**GIVEN MATERIAL:**
※ ※ ※
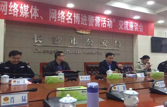 参观体验完警营活动后,在市公安局举行了“网络媒体、网络名博进警营活动”交流座谈会。会上长沙市公安局党委委员、政治部主任韦树恒这样说道,“公安系统如何运用网络媒体来沟通群众、服务群众,这是一个值得思考的问题,就是要利用网络为百姓办事,让老百姓少跑路快办事。”
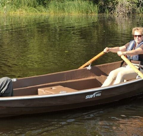 yksinkin moottorilla ajettaessa. Veneessä on kaksi lukittavaa säilytystilaa ja moottorilla ajoa helpottava moottorikaivo. Verkkokalastajia varten on alumiininen reunalista. Tämä soutuvene on suunniteltu myös sähköperämoottorin käyttö huomioon ottaen. Lyhytrikiselle moottorille.
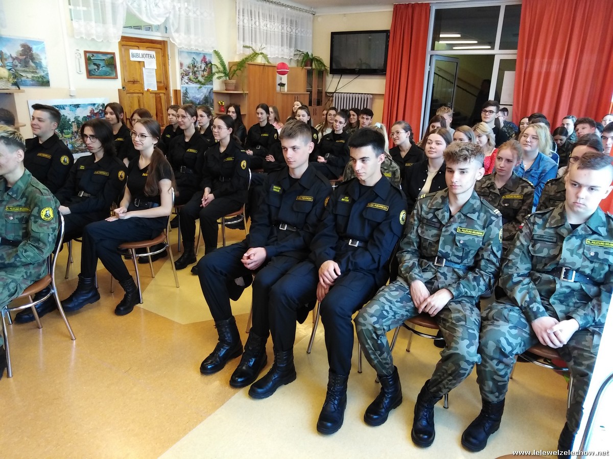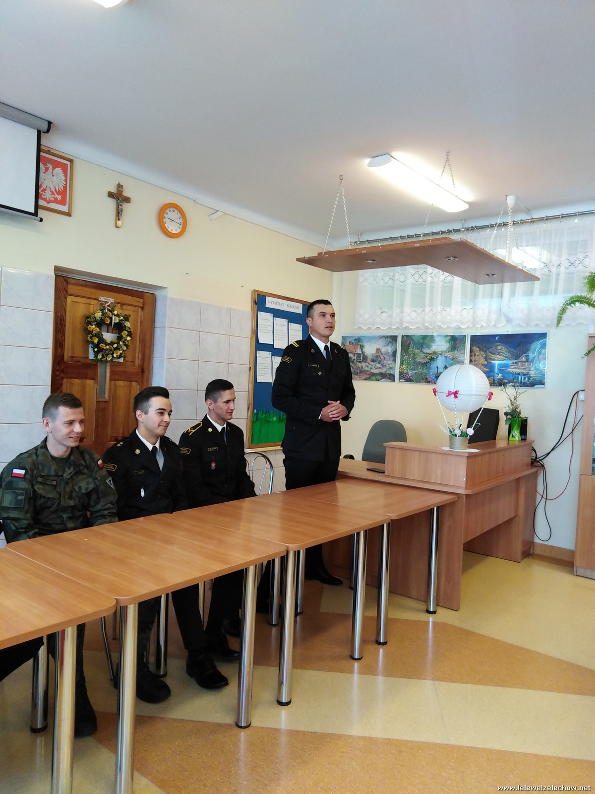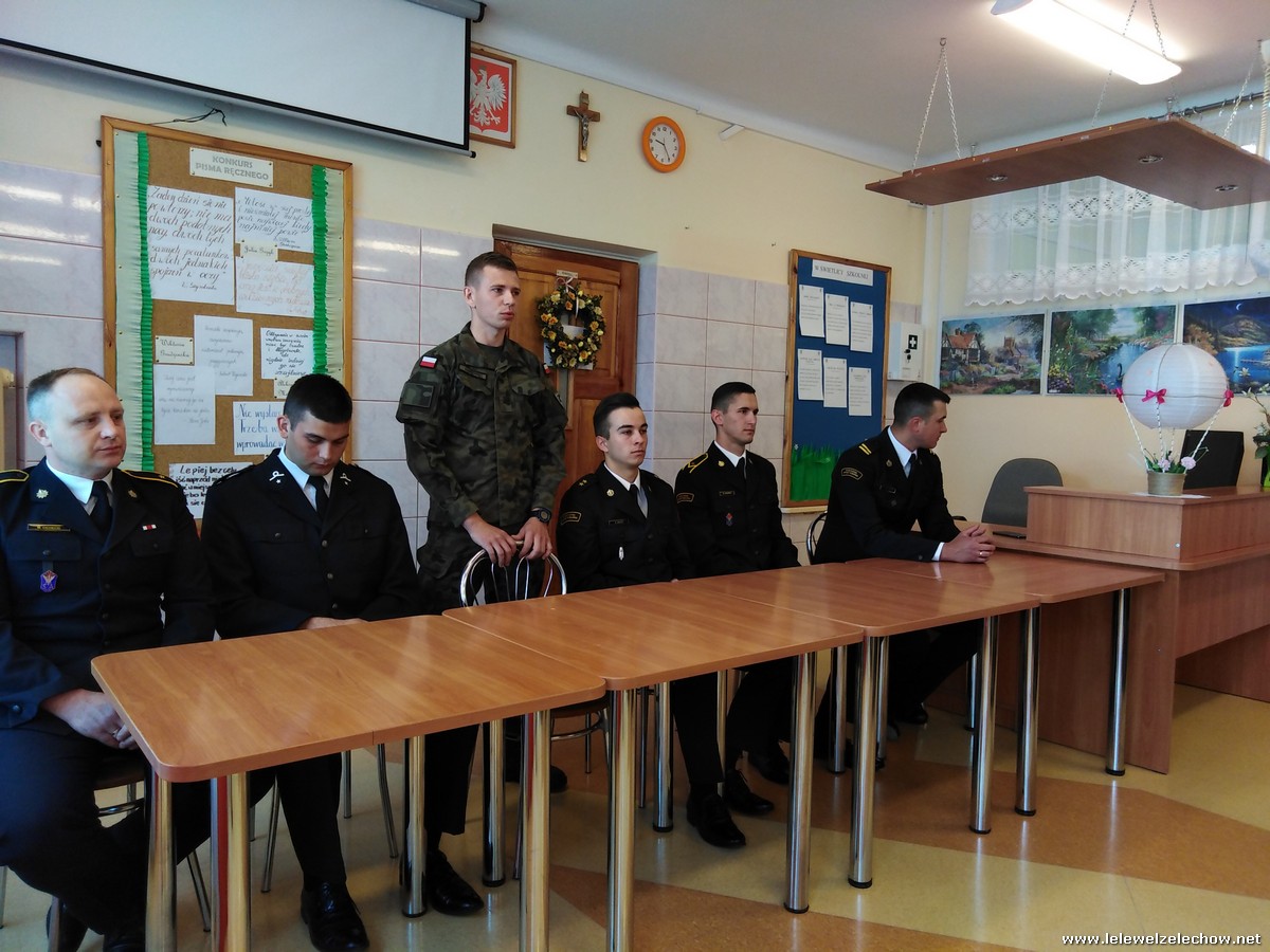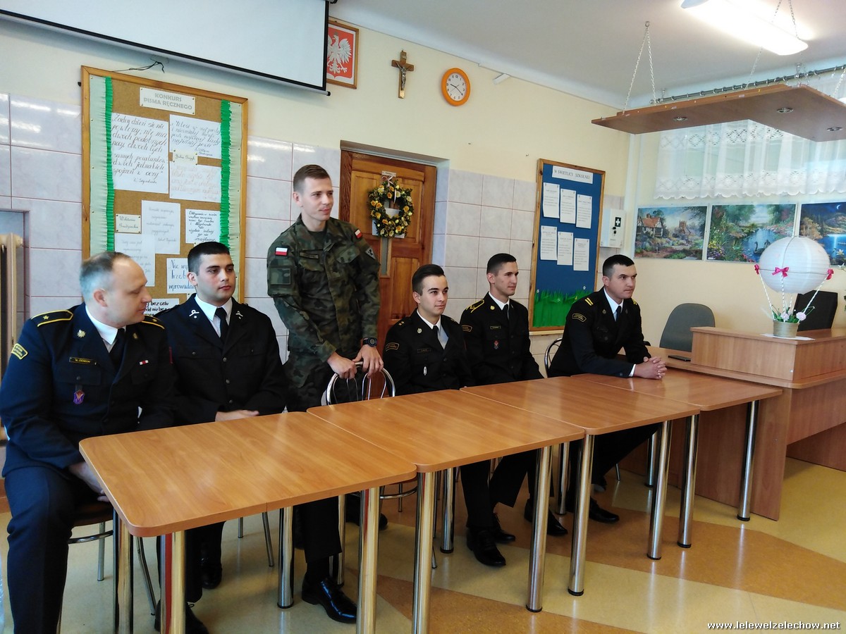 Na zaproszenie naszego niezastąpionego sora pana asp. Marcina Cicheckiego (który również jest funkcjonariuszem KP PSP w Garwolinie) panowie opowiedzieli zgromadzonej młodzieży "mundurowej" o swojej ścieżce do służby w Straży Pożarnej i odpowiedzieli na pytania uczniów. Chyba każdemu ze słuchaczy zaimponowała wytrwałość, z jaką realizowali swe cele i nadal pracują nad rozwojem osobistym. Dla nauczycieli to również było bardzo miłe spotkanie ze swoimi niedawnymi przecież uczniami Mamy nadzieję, że nasi goście z nie mniejszą radością odwiedzili szkolne mury
※ ※ ※
**PROBLEM TO WORK ON:**
Pictures stay out; output the lines from the top of the listing above through the line containing "yksinkin moottorilla ajettaessa.", exactly as they stand.

**EXERCISE OUTPUT:**
 参观体验完警营活动后,在市公安局举行了“网络媒体、网络名博进警营活动”交流座谈会。会上长沙市公安局党委委员、政治部主任韦树恒这样说道,“公安系统如何运用网络媒体来沟通群众、服务群众,这是一个值得思考的问题,就是要利用网络为百姓办事,让老百姓少跑路快办事。”
 yksinkin moottorilla ajettaessa. Veneessä on kaksi lukittavaa säilytystilaa ja moottorilla ajoa helpottava moottorikaivo. Verkkokalastajia varten on alumiininen reunalista. Tämä soutuvene on suunniteltu myös sähköperämoottorin käyttö huomioon ottaen. Lyhytrikiselle moottorille.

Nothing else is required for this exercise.